Reproducibility means someone else can rerun your notebook and get the same results. This requires accessible data, cells that run in order, documented dependencies, and seeded randomness.

Terms to Remember

Term	Definition
Exploratory data analysis (EDA)	The systematic process of examining a dataset to discover patterns, spot anomalies, test assumptions, and generate hypotheses
Data loading	The process of reading data from a file into a program's memory for analysis
Data inspection	Examining basic properties of a dataset: shape, column names, data types, unique values, first/last rows
Data quality	The degree to which data is accurate, complete, consistent, and suitable for its intended use
Missing values	Data points that are absent — represented as empty strings in CSV, `None` in Python, or `NaN` in pandas
Outlier	A data point that falls far outside the typical range of values — may be a genuine extreme or an error
Summary statistics	Numerical measures that describe a dataset's central tendency (mean, median) and spread (range, standard deviation)
Data dictionary	A reference document describing each column's name, meaning, data type, valid values, and quality notes
Data provenance	Documentation of a dataset's origin: who collected it, when, how, why, and any known limitations
Notebook narrative	The practice of writing a Jupyter notebook as a readable document that combines code, output, and explanatory text
Reproducibility	The principle that an analysis can be independently replicated to produce the same results

What You Should Be Able to Do Now

Use this checklist to verify you've absorbed the chapter. If any item feels shaky, revisit the relevant section.
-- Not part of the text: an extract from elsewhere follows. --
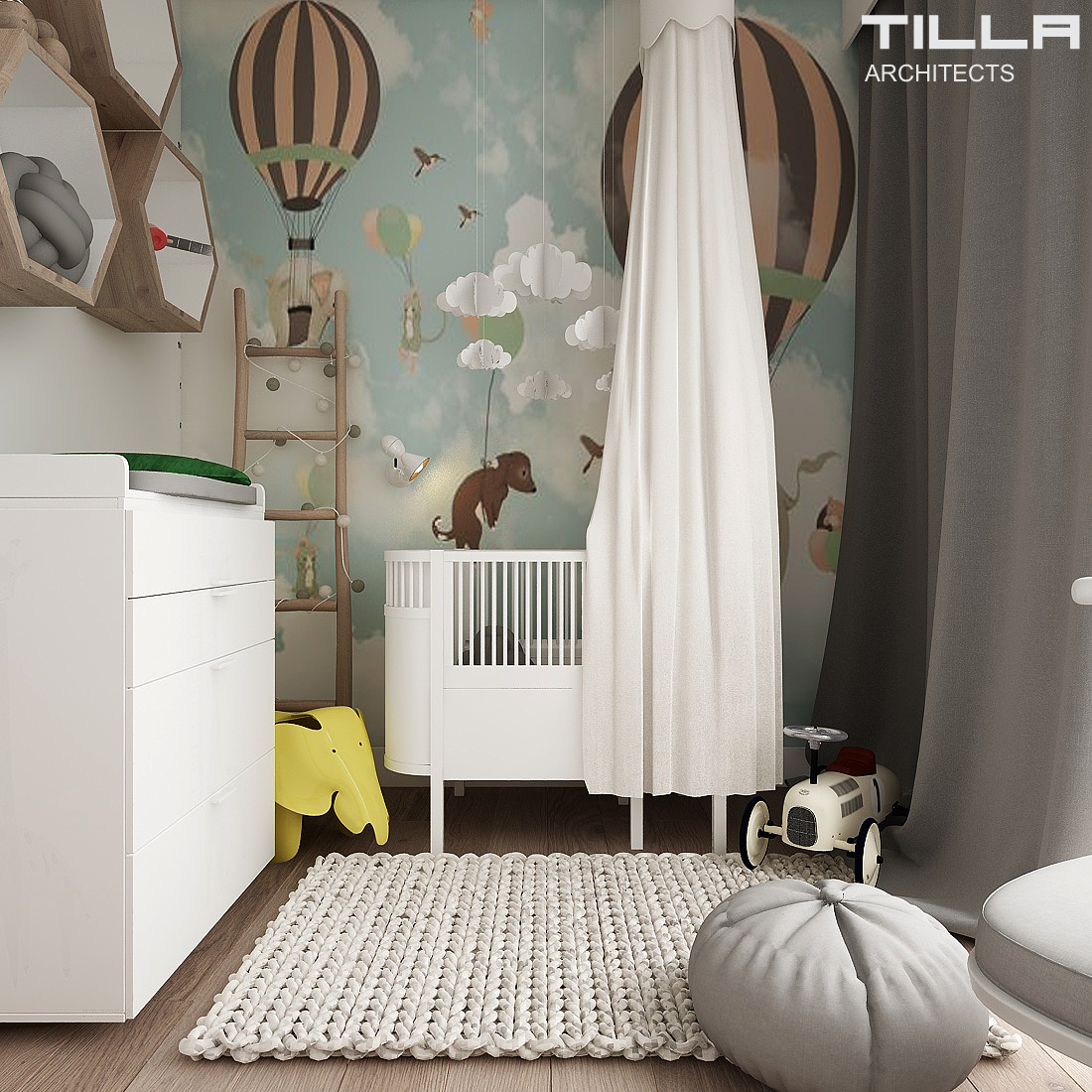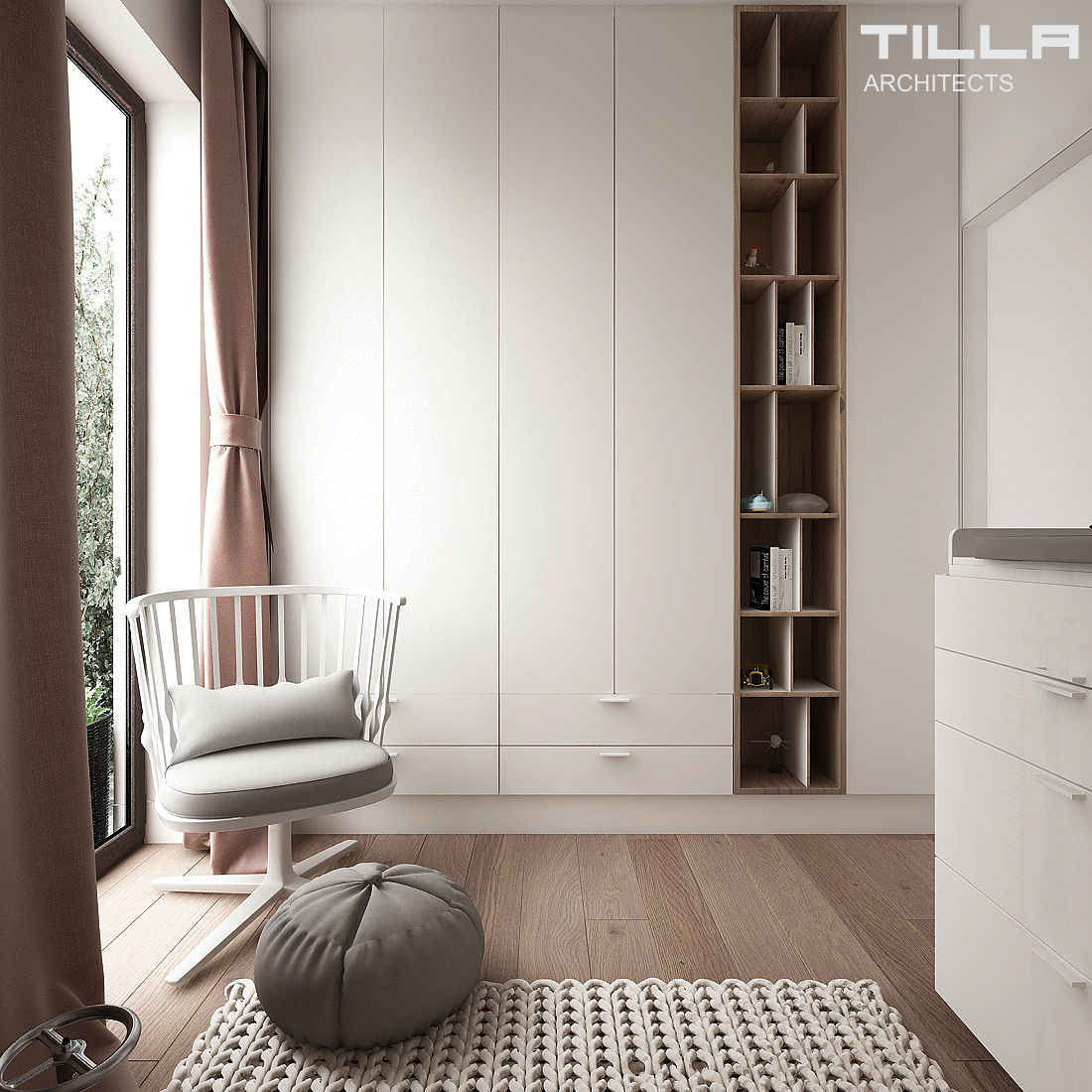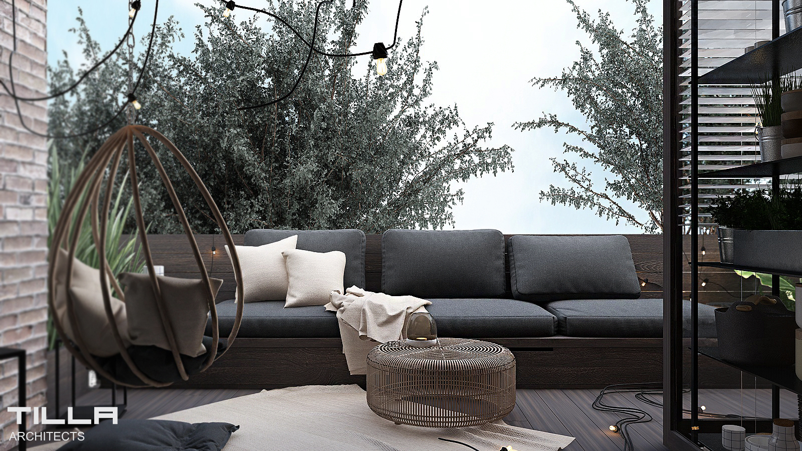 Strefę dzienną tworzy salon oraz otwarta kuchnia, a także balkon z wygodnymi siedziskami i huśtawką. Nie mogło również zabraknąć miejsca do pracy zdalnej. Ponadto, w apartamencie znajdują się dwie łazienki, sypialnia wraz z garderobą oraz dwa pokoje dziecięce.

[ ] Load a CSV file into a list of dictionaries using csv.DictReader
[ ] Inspect a dataset's basic properties: row count, column names, first/last rows, unique values
[ ] Compute summary statistics (count, min, max, mean, median) using pure Python
[ ] Handle missing values when extracting numeric data (skip empty strings, use try/except)
[ ] Assess data quality by counting missing values, checking ranges, and spotting inconsistencies
[ ] Break down statistics by group (e.g., mean coverage by region) using loops and dictionaries
[ ] Formulate specific, answerable questions before exploring data
[ ] Write a notebook narrative that combines code, output, and plain-English interpretation
[ ] Explain why pure Python is limited for data analysis and what tools (pandas, matplotlib) will address those limitations
[ ] Describe the EDA workflow and apply it to any new dataset

If you checked every box, congratulations — you've completed Part I. You are now a person who does data science, not just a person who reads about it. Part II is going to arm you with power tools that make everything faster. Let's go.